The input:

########

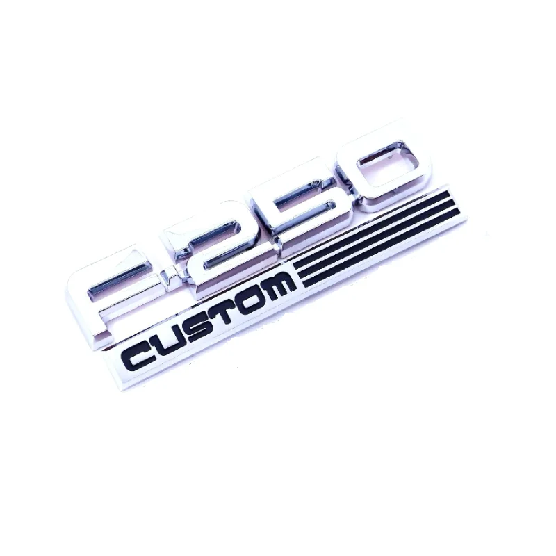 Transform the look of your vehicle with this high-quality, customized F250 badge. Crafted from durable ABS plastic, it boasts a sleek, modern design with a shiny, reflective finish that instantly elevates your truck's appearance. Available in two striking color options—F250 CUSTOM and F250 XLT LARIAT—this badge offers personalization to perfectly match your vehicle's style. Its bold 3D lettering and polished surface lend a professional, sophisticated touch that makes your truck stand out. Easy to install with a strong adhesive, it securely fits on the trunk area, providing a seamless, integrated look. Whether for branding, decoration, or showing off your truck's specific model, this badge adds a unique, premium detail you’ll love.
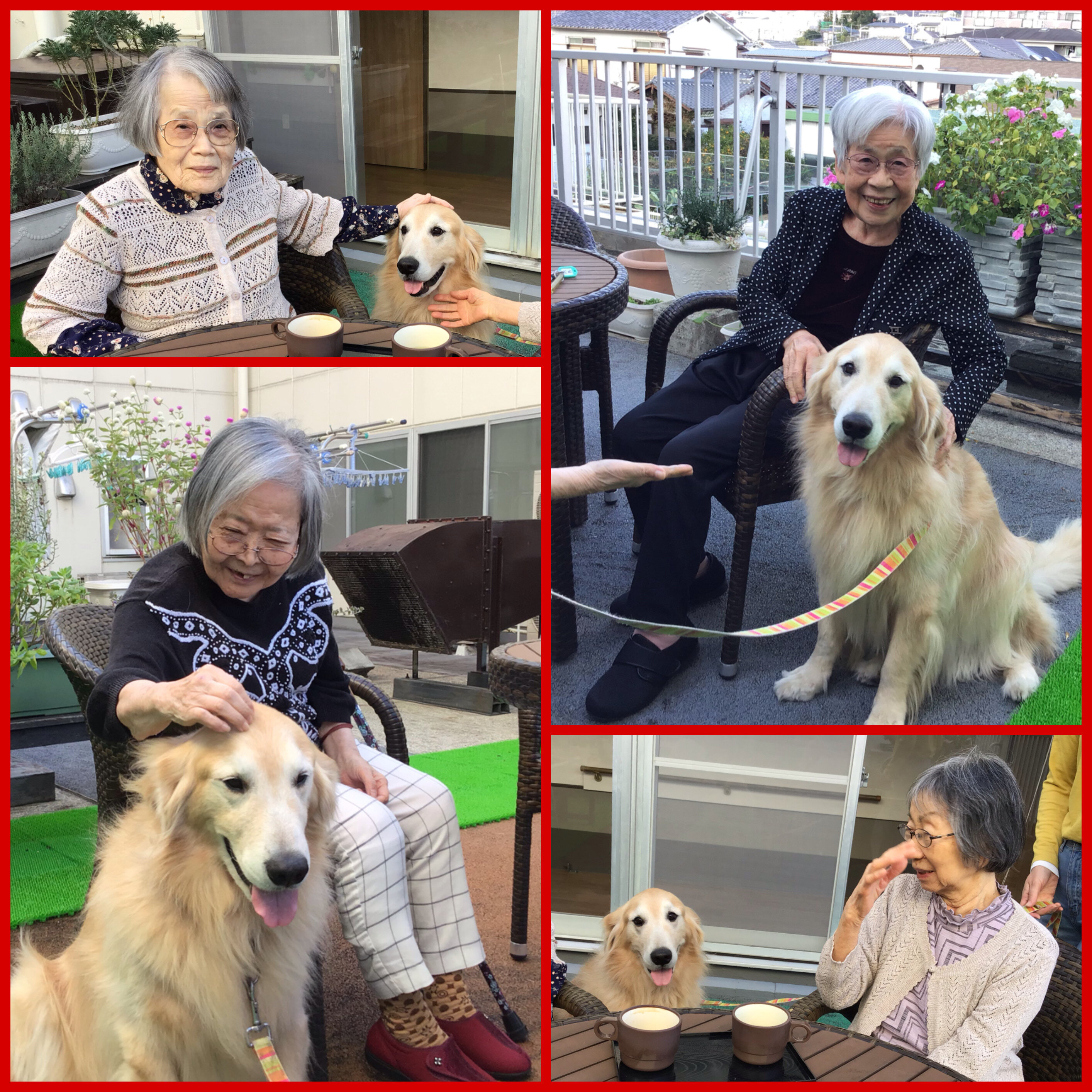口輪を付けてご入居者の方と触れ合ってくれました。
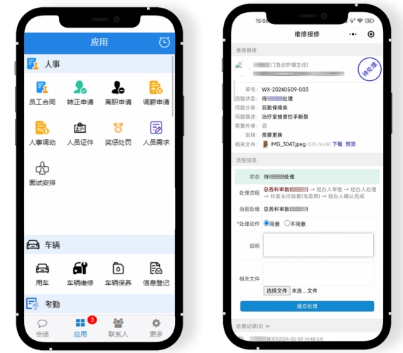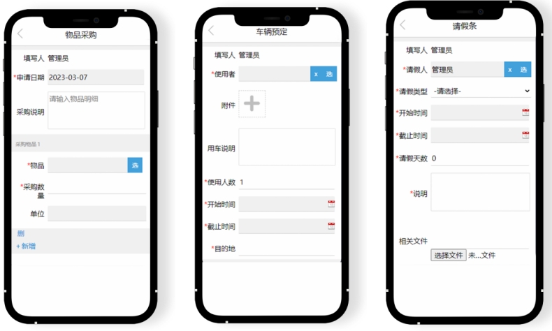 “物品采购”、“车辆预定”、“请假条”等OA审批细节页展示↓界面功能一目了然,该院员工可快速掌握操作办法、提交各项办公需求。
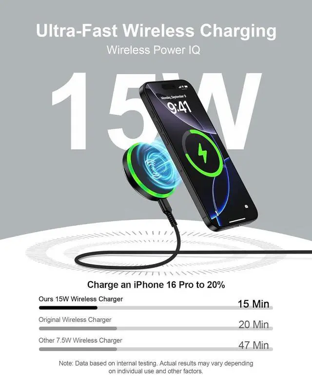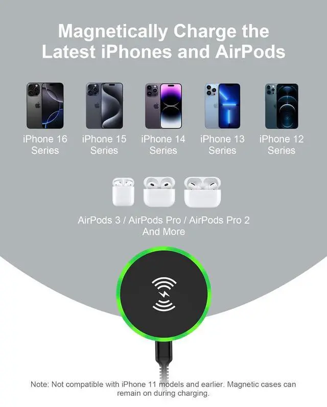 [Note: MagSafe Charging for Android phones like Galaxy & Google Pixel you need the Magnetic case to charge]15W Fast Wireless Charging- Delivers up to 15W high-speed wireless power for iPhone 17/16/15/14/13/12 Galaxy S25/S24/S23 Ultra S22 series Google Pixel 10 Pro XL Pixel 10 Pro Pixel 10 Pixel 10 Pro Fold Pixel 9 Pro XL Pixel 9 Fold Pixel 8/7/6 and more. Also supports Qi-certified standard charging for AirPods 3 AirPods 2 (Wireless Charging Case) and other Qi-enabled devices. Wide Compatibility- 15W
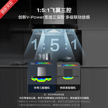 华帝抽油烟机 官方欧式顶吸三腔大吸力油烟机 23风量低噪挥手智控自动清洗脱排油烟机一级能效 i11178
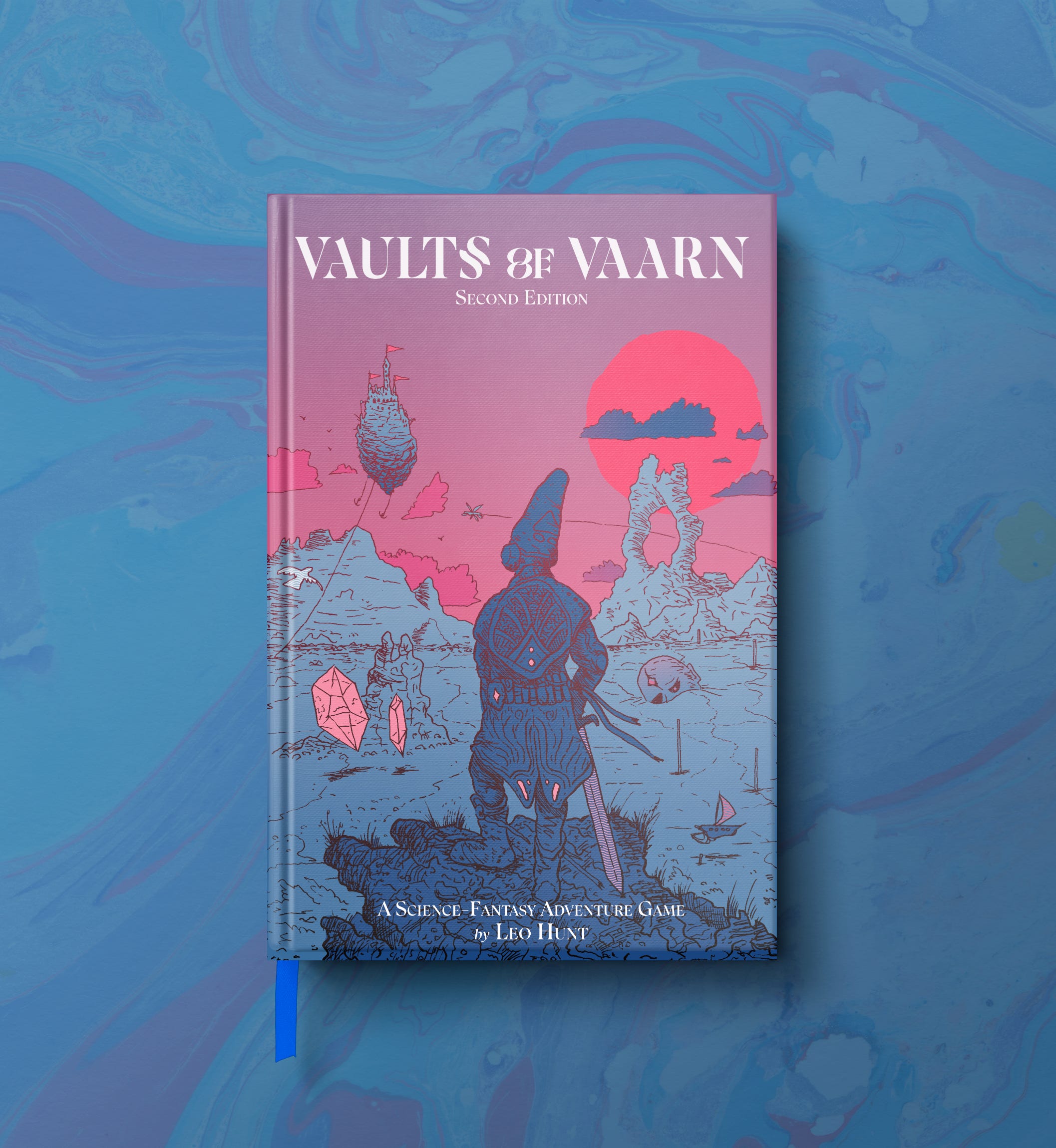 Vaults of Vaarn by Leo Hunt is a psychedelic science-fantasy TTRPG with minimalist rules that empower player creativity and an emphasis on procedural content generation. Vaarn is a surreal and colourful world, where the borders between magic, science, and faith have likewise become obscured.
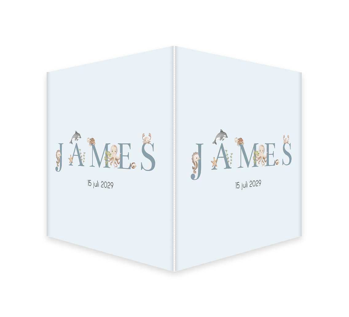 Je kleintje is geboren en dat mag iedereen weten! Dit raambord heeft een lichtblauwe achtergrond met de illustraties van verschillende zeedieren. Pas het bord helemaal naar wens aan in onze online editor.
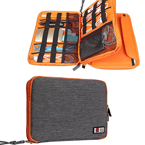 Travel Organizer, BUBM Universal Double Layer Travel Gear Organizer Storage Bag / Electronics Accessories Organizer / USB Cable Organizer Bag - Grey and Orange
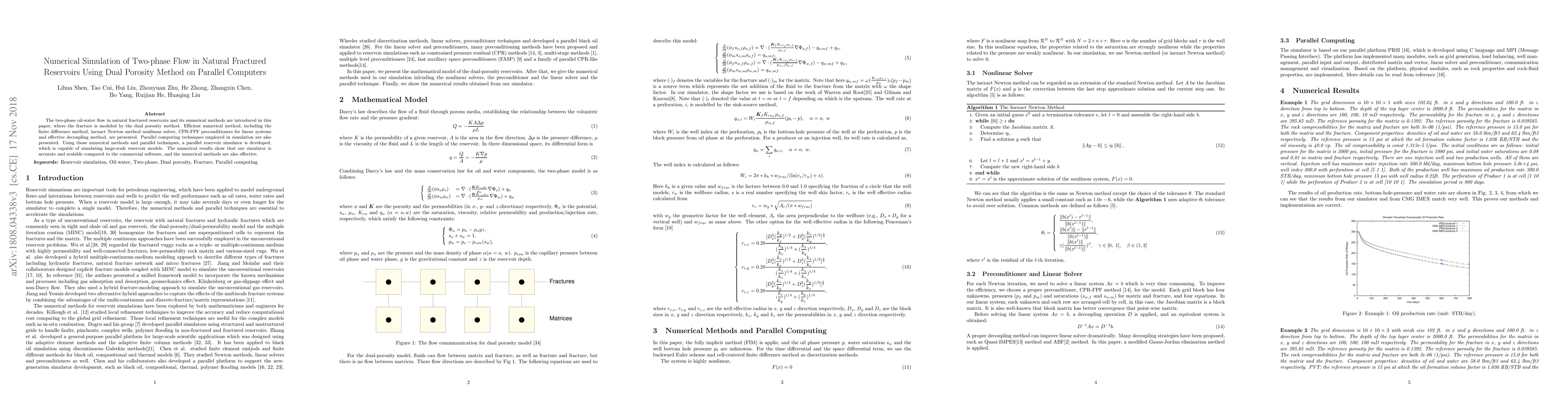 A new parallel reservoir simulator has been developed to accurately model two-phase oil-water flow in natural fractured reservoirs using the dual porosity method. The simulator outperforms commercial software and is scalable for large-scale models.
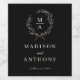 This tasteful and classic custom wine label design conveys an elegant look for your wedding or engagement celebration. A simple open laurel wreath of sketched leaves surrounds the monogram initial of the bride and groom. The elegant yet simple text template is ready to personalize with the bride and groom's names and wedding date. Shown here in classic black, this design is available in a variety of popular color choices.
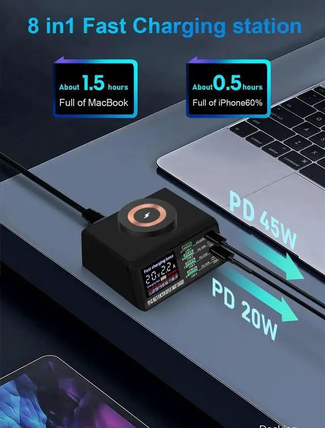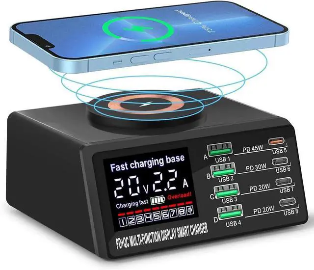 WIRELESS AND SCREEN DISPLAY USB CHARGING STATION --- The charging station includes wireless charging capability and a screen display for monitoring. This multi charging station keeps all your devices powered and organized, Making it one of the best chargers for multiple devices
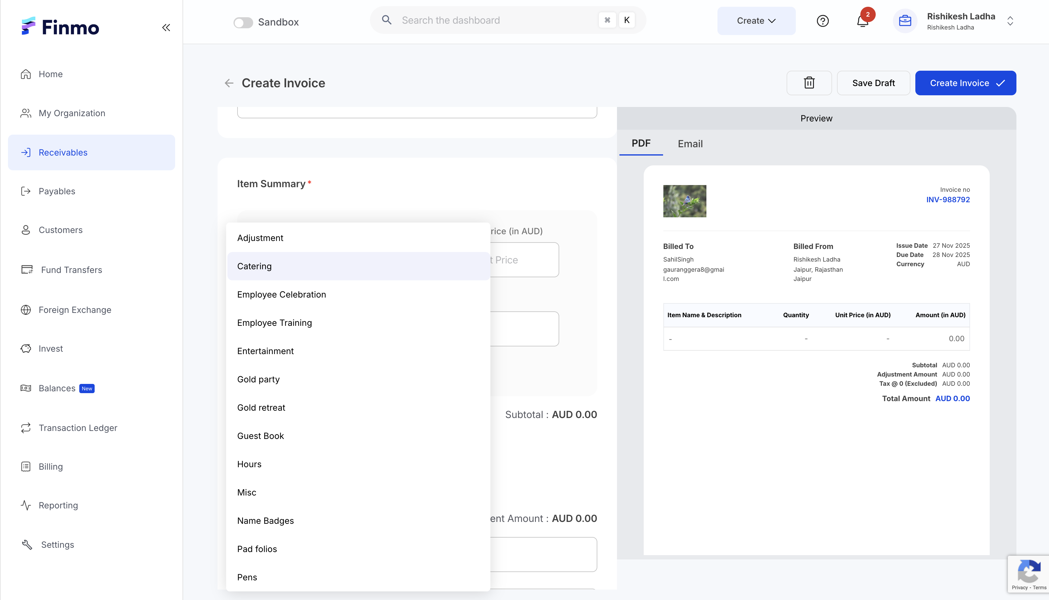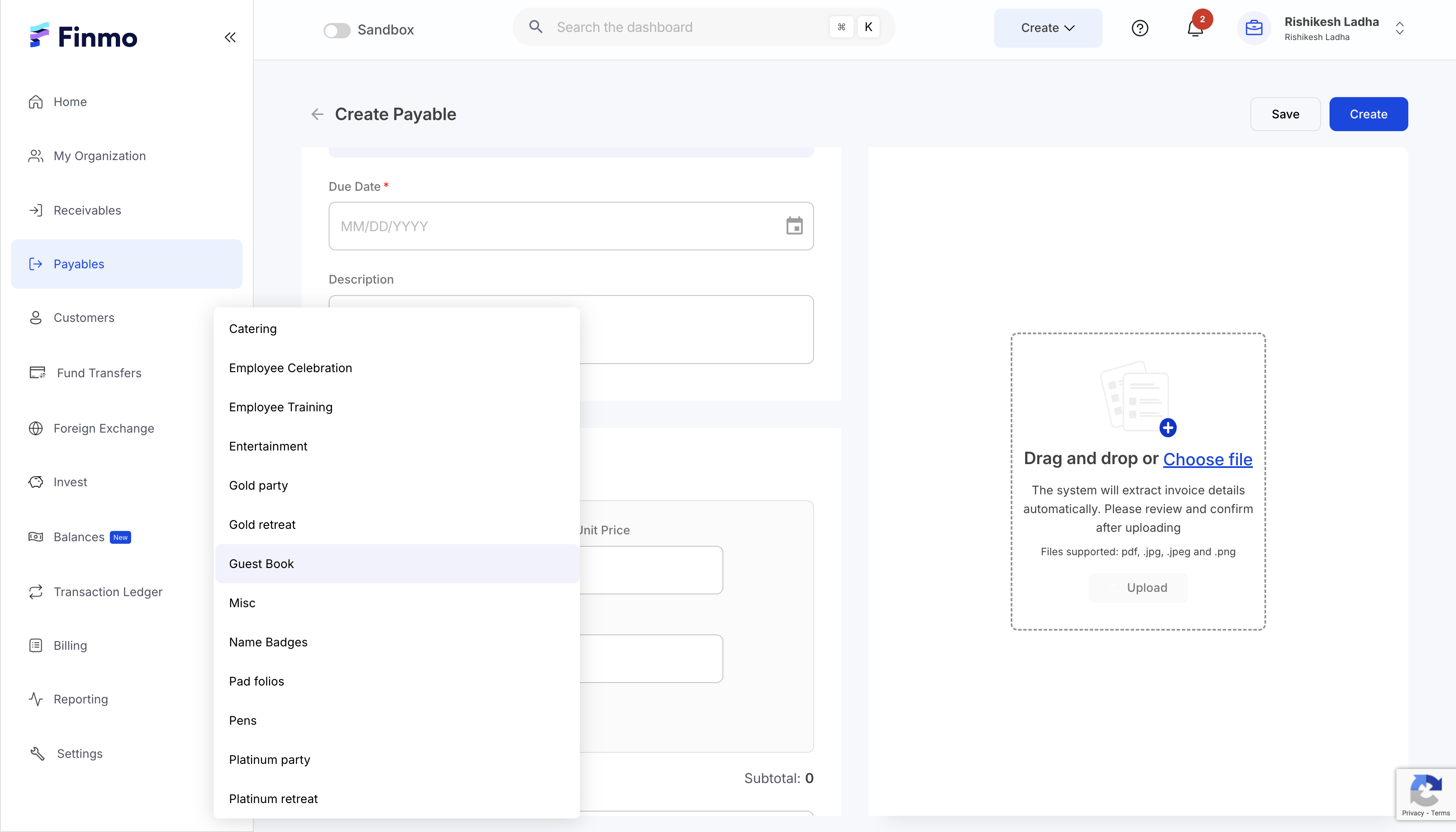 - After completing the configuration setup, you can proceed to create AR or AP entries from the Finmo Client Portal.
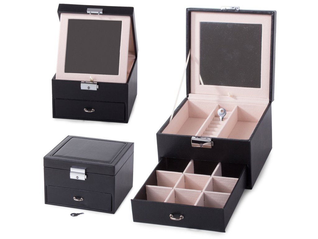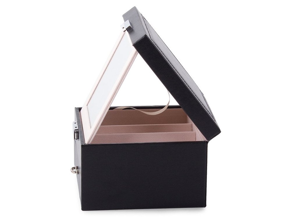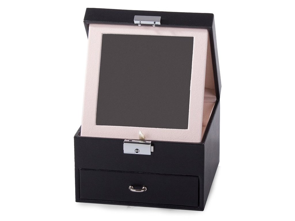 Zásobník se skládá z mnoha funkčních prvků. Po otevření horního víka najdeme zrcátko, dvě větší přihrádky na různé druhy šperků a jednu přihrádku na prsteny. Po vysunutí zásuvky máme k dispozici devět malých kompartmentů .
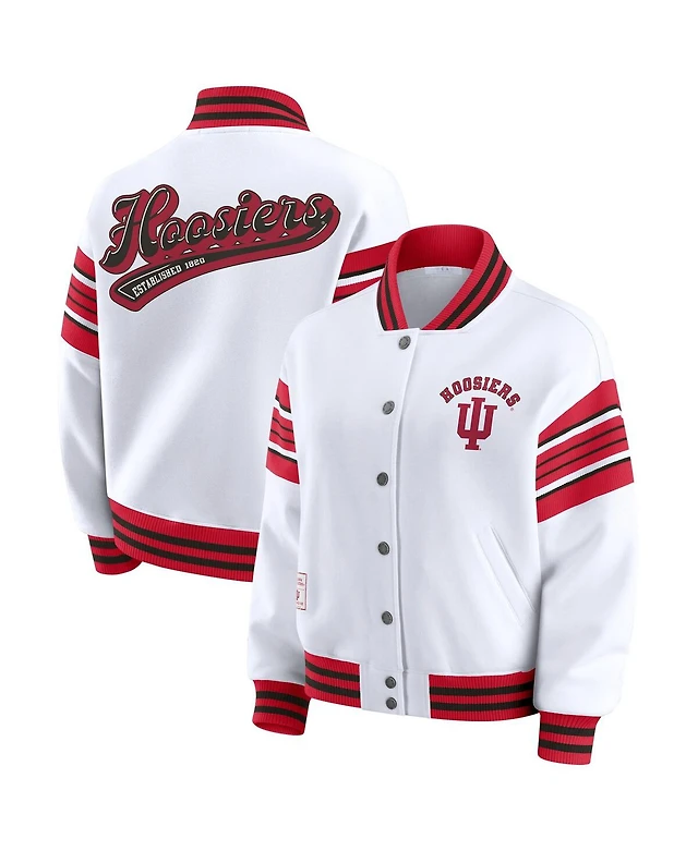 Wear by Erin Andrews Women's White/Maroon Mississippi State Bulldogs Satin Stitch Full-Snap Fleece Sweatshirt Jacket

########

Goal of the exercise: Above are some records. Output exactly the lines from the one that contains "[Note: MagSafe Charging" to the one that contains "Vaults of Vaarn", keeping both, and omit the pictures.

Reply to the exercise:
 [Note: MagSafe Charging for Android phones like Galaxy & Google Pixel you need the Magnetic case to charge]15W Fast Wireless Charging- Delivers up to 15W high-speed wireless power for iPhone 17/16/15/14/13/12 Galaxy S25/S24/S23 Ultra S22 series Google Pixel 10 Pro XL Pixel 10 Pro Pixel 10 Pixel 10 Pro Fold Pixel 9 Pro XL Pixel 9 Fold Pixel 8/7/6 and more. Also supports Qi-certified standard charging for AirPods 3 AirPods 2 (Wireless Charging Case) and other Qi-enabled devices. Wide Compatibility- 15W
 华帝抽油烟机 官方欧式顶吸三腔大吸力油烟机 23风量低噪挥手智控自动清洗脱排油烟机一级能效 i11178
 Vaults of Vaarn by Leo Hunt is a psychedelic science-fantasy TTRPG with minimalist rules that empower player creativity and an emphasis on procedural content generation. Vaarn is a surreal and colourful world, where the borders between magic, science, and faith have likewise become obscured.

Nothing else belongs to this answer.